Ruines-Mères
Jean Pérol
Le CHERCHE MIDI Éditeur
Ce quinzième livre de poésie de Jean Pérol pourrait être le lieu, où toute construction avec le temps qui passe, se délite vers l'ultime destinée. Ce livre semble être construit un mouvement de la fin d'une œuvre musicale : en decrescendo. Il débute dans la profusion. Une tourmente de vers, des souffles de révoltes – vifs - sous la braise, presque perçus comme des menaces ! L’orgueil humain contre l'inévitable sort jeté à l'homme :
tu es quoi l'homme est quoi ce peu que tout ignore
ce souffle négligé cette vie qui s'oublie
Mais le livre s'achève dans la lenteur du geste calligraphique et la sérénité du haïku japonais, poèmes ténus, ciselés, au bord de l'évanescent. Ce mouvement, qu'impose l'ensemble du livre, présent en filigrane dans grand nombre de poèmes, traduit des pertes successives, progressives et inévitables. Ce délitement continuel auquel le principe même de la vie nous contraint de notre naissance à notre mort. Oui, Ruine-Mère par sa forme et son mouvement serait l'allégorie de la vie où toute chose est appelée à grandir, se battre puis se courber : vivre et s'effacer.
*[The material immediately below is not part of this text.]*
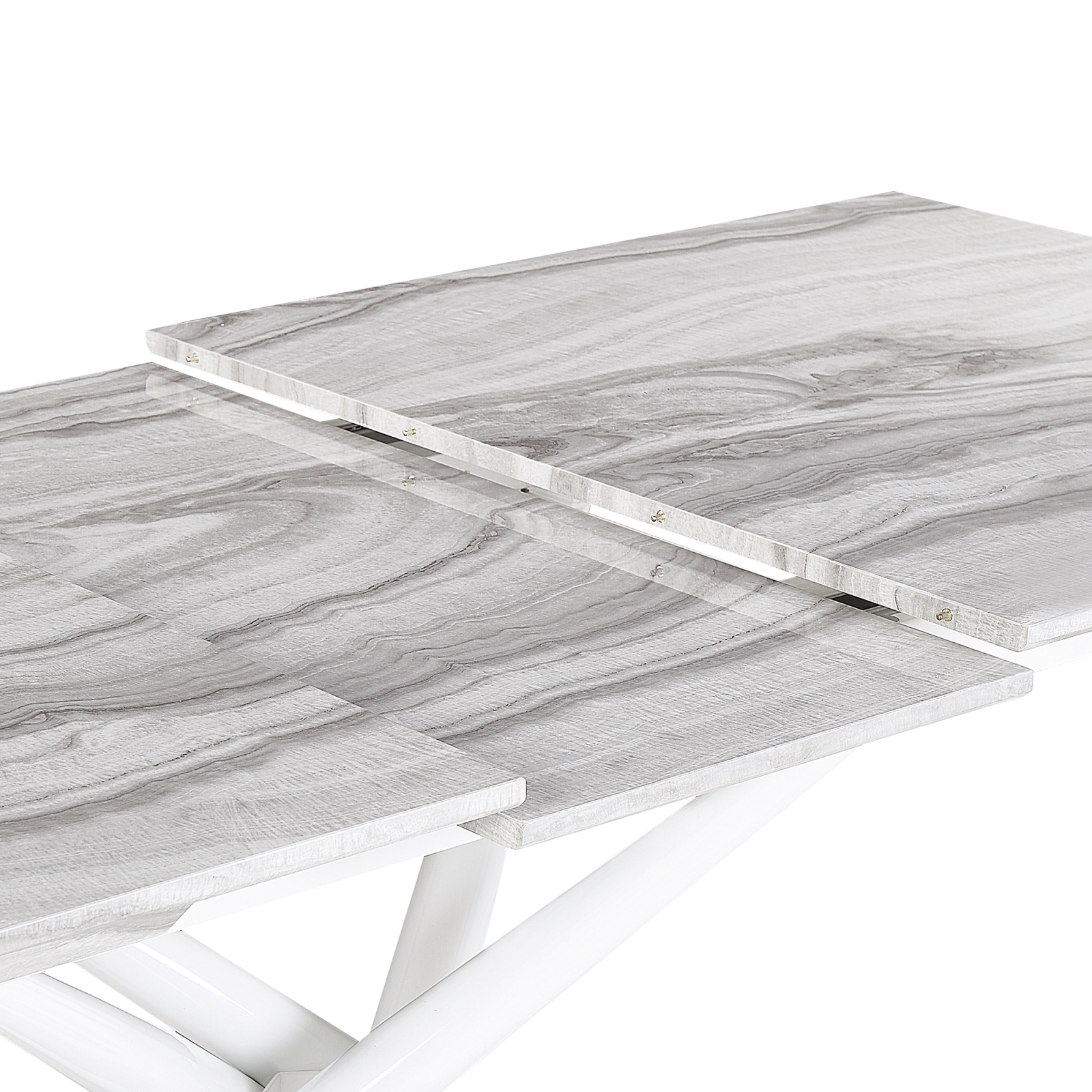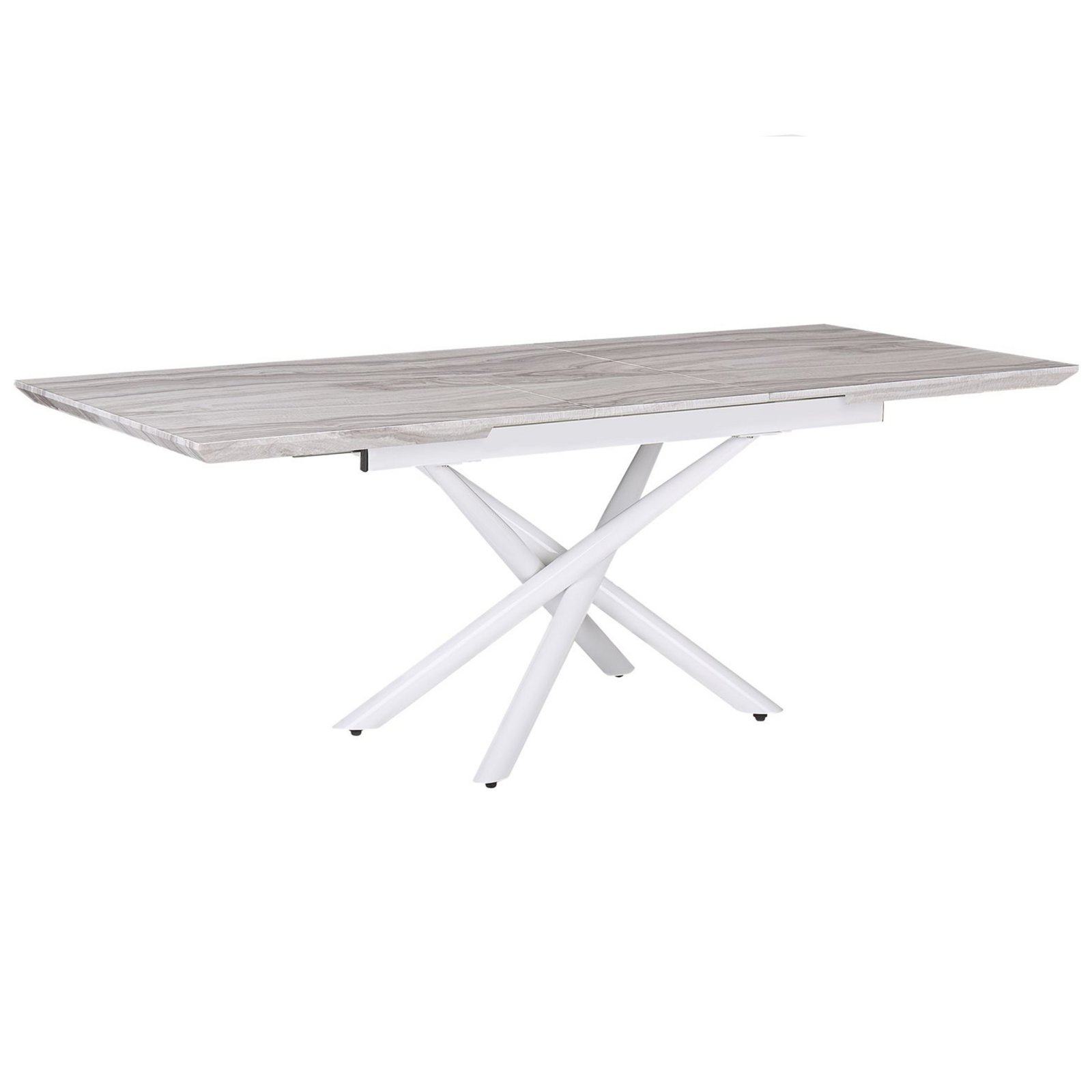 Masă de dining extensibilă elegantă. Această masă elegantă poate găzdui până la 6 persoane când este complet extinsă, fiind ideală pentru momentele petrecute alături de prieteni și familie. Blatul este realizat din MDF cu întreținere redusă, finisat cu un furnir ce imită marmura, iar picioarele albe din fier îi oferă un design unic și stabilitate de durată. Detalii: Tip de Produs: Masă dining. Stil: Modern. Culoare: Alb. Material: Lemn stratificat. Material primar: Fibră cu densitate medie (MDF). Material secundar: Fier. Detalii material picioare: Metal. Materialul suprafeței mesei: Lemn stratificat. Formă: Rectangulară. Finisaj: Acoperire pulverizată. Locuri până la: 6 - 8 persoane. Dimensiuni: Lățime: 90 cm. Lungime: 160/200 cm. Înălțime: 75 cm. Greutate: 59 kg. Capacitatea de greutate: 100 kg. Oferta incude: 1 x Masă. Caracteristici cheie: Perfect pentru prânzuri și cine cu mulți oaspeți, Design elegant, Excepțional de ușor de întreținut, Construcție robustă, Pentru o protecție optimă, folosiți suporturi de pahare și șervete de masă pentru a feri suprafața de căldură și umezeală, Masa este extensibilă, oferind spațiu suplimentar, Bază stabilă și durabilă. Asamblare: Necesită asamblare parțială.60-90 min. Informații suplimentare: Pentru a menține durabilitatea și estetica blatului, recomandăm utilizarea suporturilor pentru farfurii și a suporturilor pentru pahare, precum și îndepărtarea petelor umede cât mai curând posibil, pentru a preveni deteriorarea produsului. Sfaturi de întreținere: Fibră cu densitate medie (MDF): 1.Curățați delicat cu un detergent blând și o cârpă moale, apoi ștergeți suprafața până la uscare completă. Fier: 1.Curățați cu un detergent delicat și o cârpă moale, apoi ștergeți bine. 2.Pentru a evita zgârieturile, nu folosiți produse de curățare abrazive. 3.Pentru elementele din cupru sau crom, folosiți un agent de lustruire.

Magnifiques poèmes que ceux de l’ensemble « Vallée Profonde ». D'une sensualité, proche et émouvante, de corps vieillissants où sourd une sincérité que nous ressentons et qui nous entraîne tout près, nous invitant à une fête des cœurs vrais.
nos regards dans le silence n'ont
jamais de couteaux.
Dans ces poèmes où les corps prennent toutes places il n'est pas question d'impudeur. Ce serait injure. Mais d'un partage, d'une floraison à essaimer en d'autres lieux, d'autres corps pour :
réentendre la plainte qui écarte tant d'ombre.